___ Supplied records

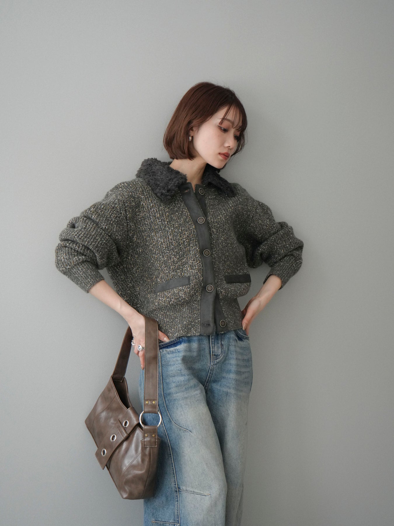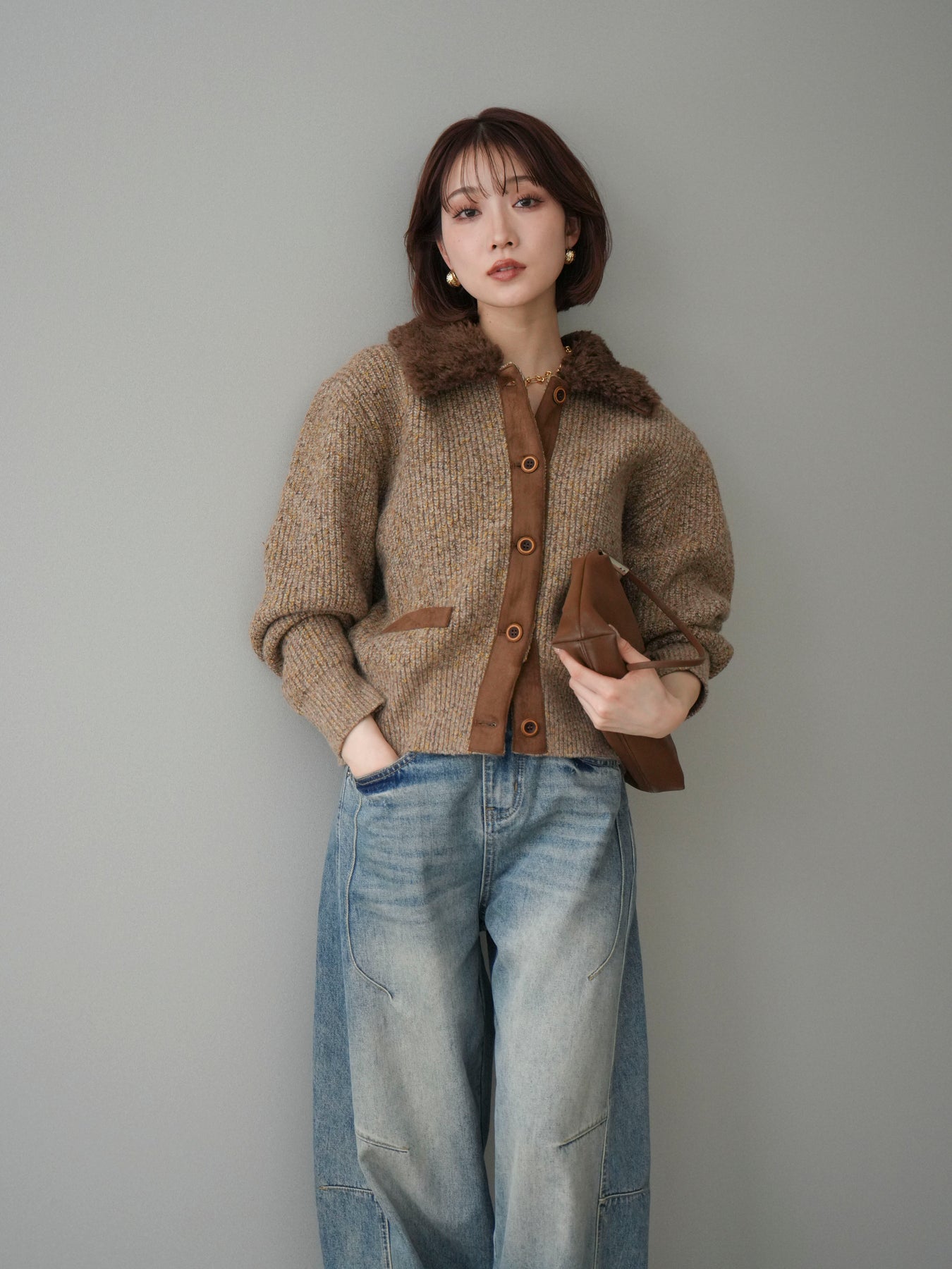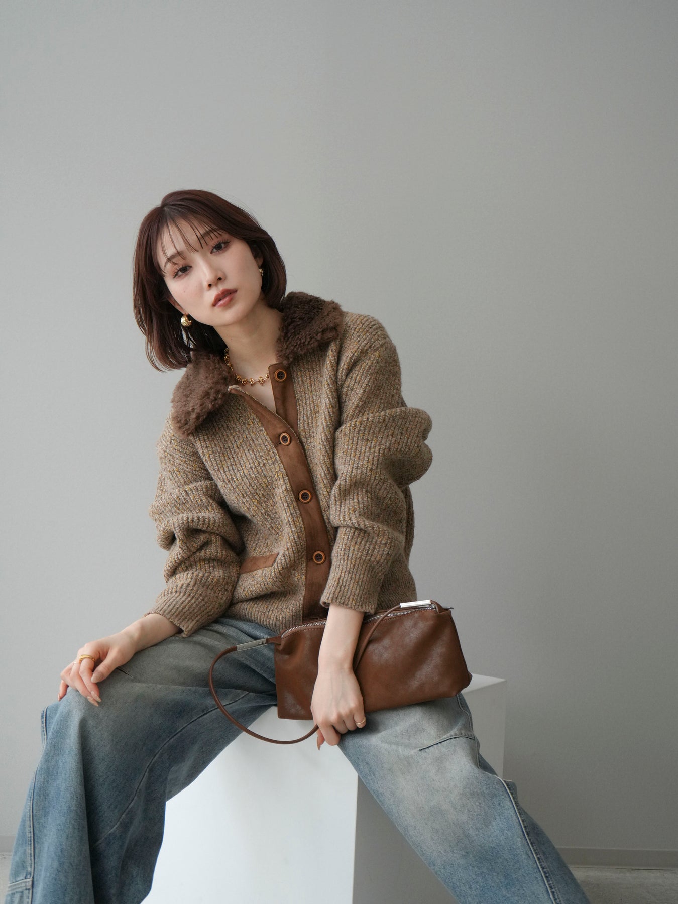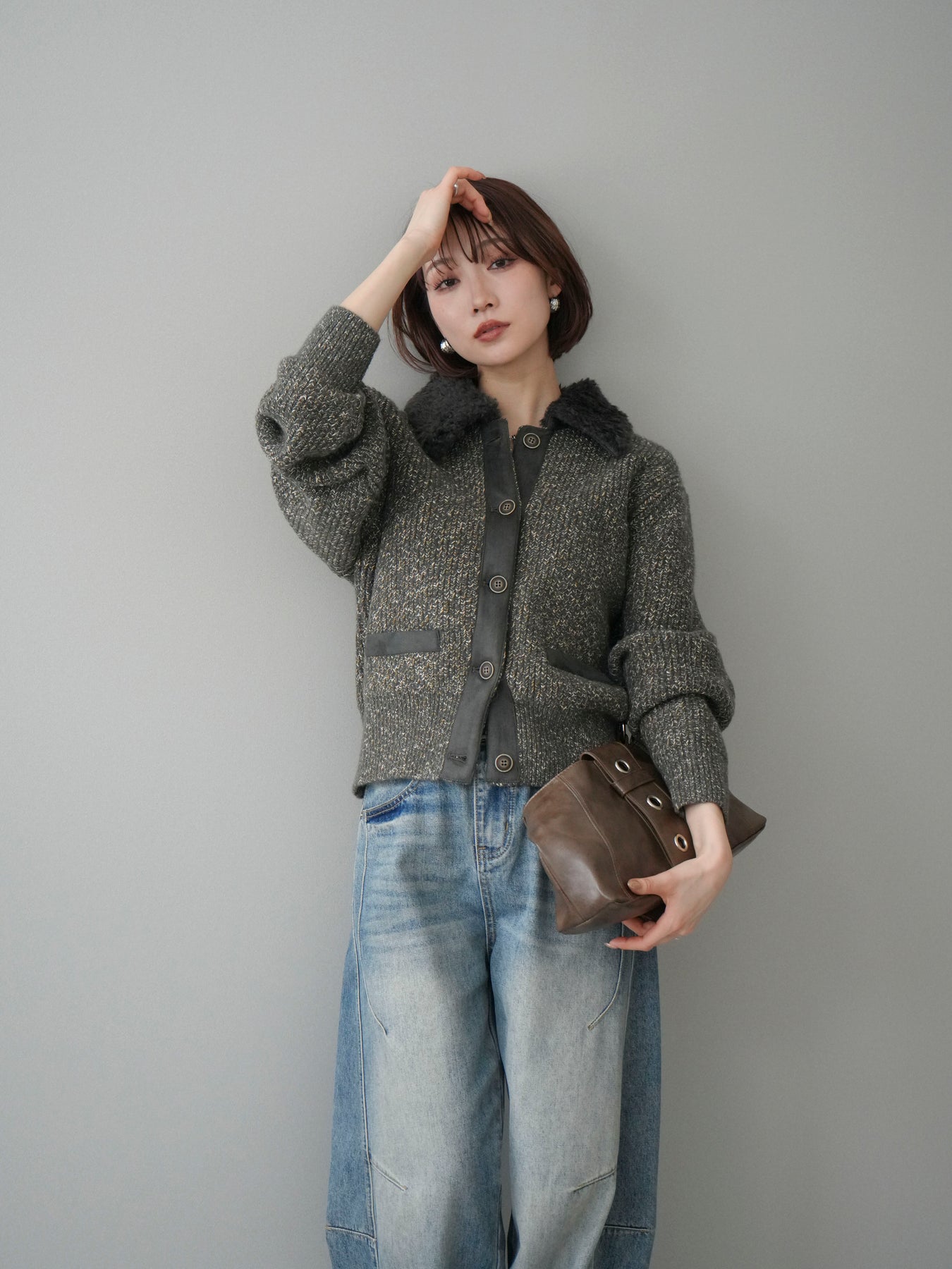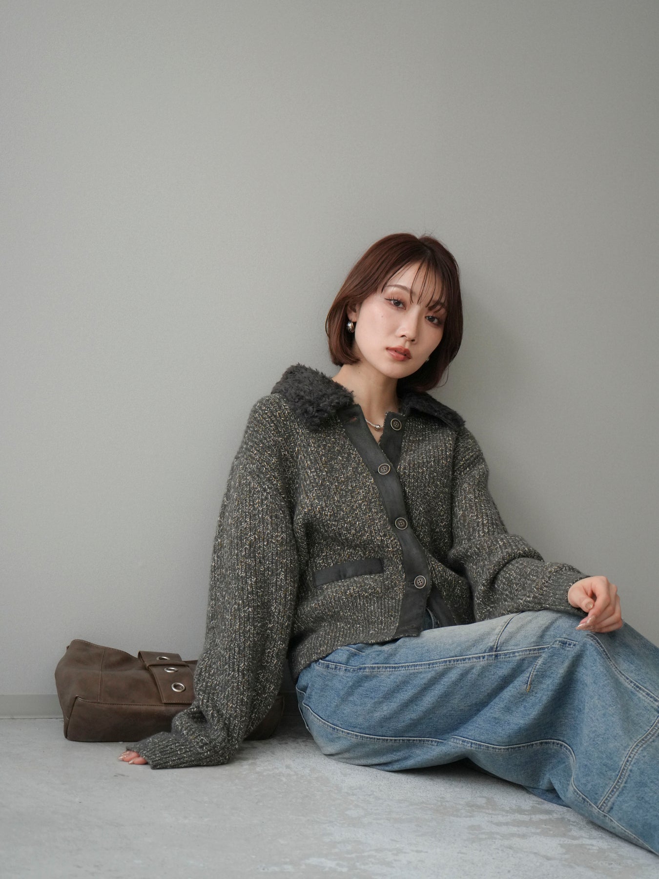 ◆ [予約]襟ボアミックスヤーンニットカーディガン
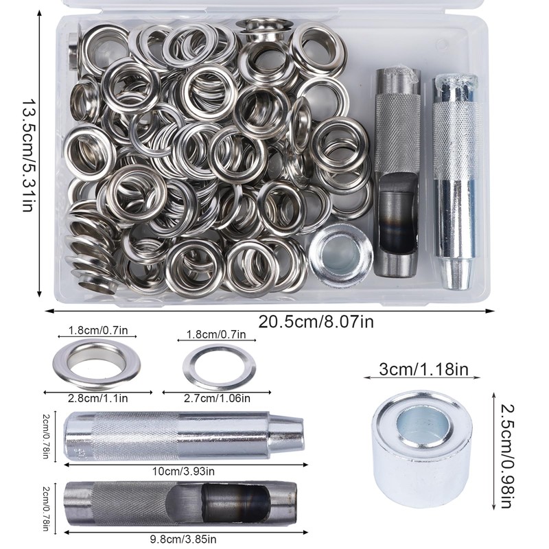 - Complete Kit: Includes 100 sets (200 PCS) with punch tool of 18MM inner diameter brass eyelets, silver eyelet punches, mallet, base, and plastic case. Sufficient quantity to meet the daily needs, the best applicable fabric is not more than 15MM
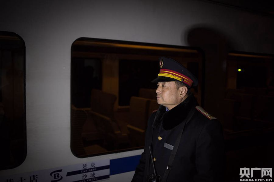 即使是最后一班岗,李凤强站长依旧一丝不苟地执行列车接送站程序,亲自到站台巡查。
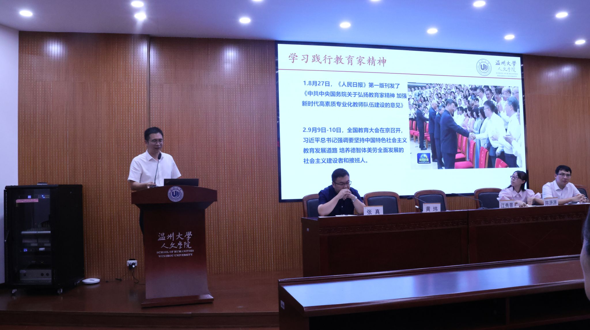 2024年9月11日下午,财神捕鱼 召开教职工大会暨弘扬教育家精神学习会。财神捕鱼 领导班子,全体教职工参加会议。会议由院党委书记江秀景同志主持。
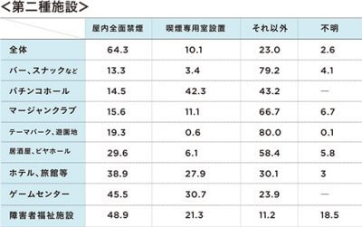 特にバー、スナックなどでは全面禁煙は13.3%、喫煙専用室設置が3.4%、それ以外が79.2%と8割近い店は全面禁煙を実施していない。また、パチンコホールでは屋内全面禁煙は14.5%の実施で、喫煙専用室設置が42.3%、それ以外が43.2%となっている。さらに、マージャンクラブでは禁煙が15.5%、喫煙室設置が11.1%、それ以外が66.7%、居酒屋、ビアホールでは禁煙が29.6%、喫煙室設置が6.1%、それ以外が58.4%となっている。
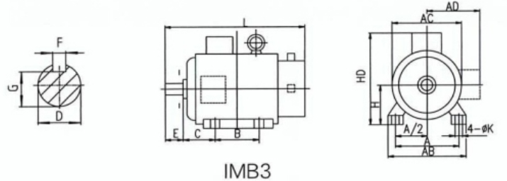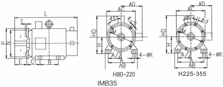 YVF2系列變頻調(diào)速三相異步電動(dòng)機(jī)安裝及外形尺寸圖
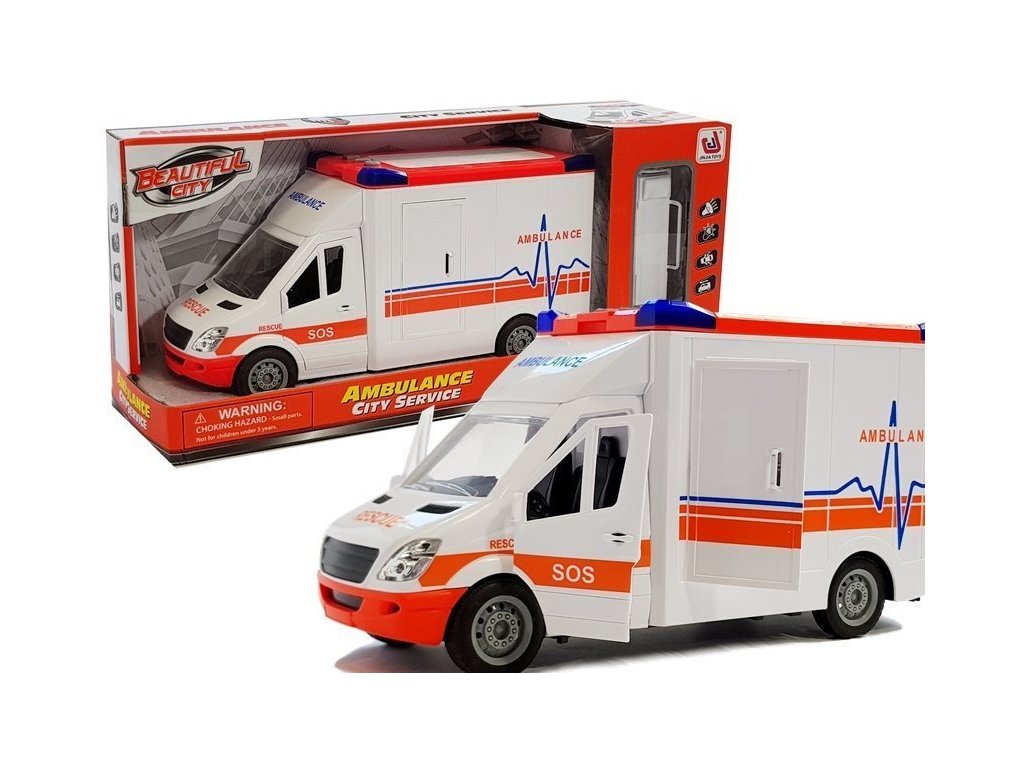 Tato dětská sanitka na baterie nadchne všechny malé záchranáře. Díky detailnímu provedení interiéru i exteriéru, otevíracím dveřím, odnímatelné střeše a funkčním nosítkům nabízí reálný zážitek ze záchranných zásahů. Efektní světla a zvuky aktivované tlačítky na střeše přidávají na autenticitě. Díky systému power friction je sanitka poháněna setrvačníkem – stačí zatlačit a jede. Vhodná jako dárek, hračka je bezpečná, lehká a vybavená gumovými koly pro hladkou jízdu.

______

How to complete this task: In the copy you return, include exactly the lines from the one containing "YVF2系列變頻調(diào" through the final line of the listing, and no pictures.

Answer space:
 YVF2系列變頻調(diào)速三相異步電動(dòng)機(jī)安裝及外形尺寸圖
 Tato dětská sanitka na baterie nadchne všechny malé záchranáře. Díky detailnímu provedení interiéru i exteriéru, otevíracím dveřím, odnímatelné střeše a funkčním nosítkům nabízí reálný zážitek ze záchranných zásahů. Efektní světla a zvuky aktivované tlačítky na střeše přidávají na autenticitě. Díky systému power friction je sanitka poháněna setrvačníkem – stačí zatlačit a jede. Vhodná jako dárek, hračka je bezpečná, lehká a vybavená gumovými koly pro hladkou jízdu.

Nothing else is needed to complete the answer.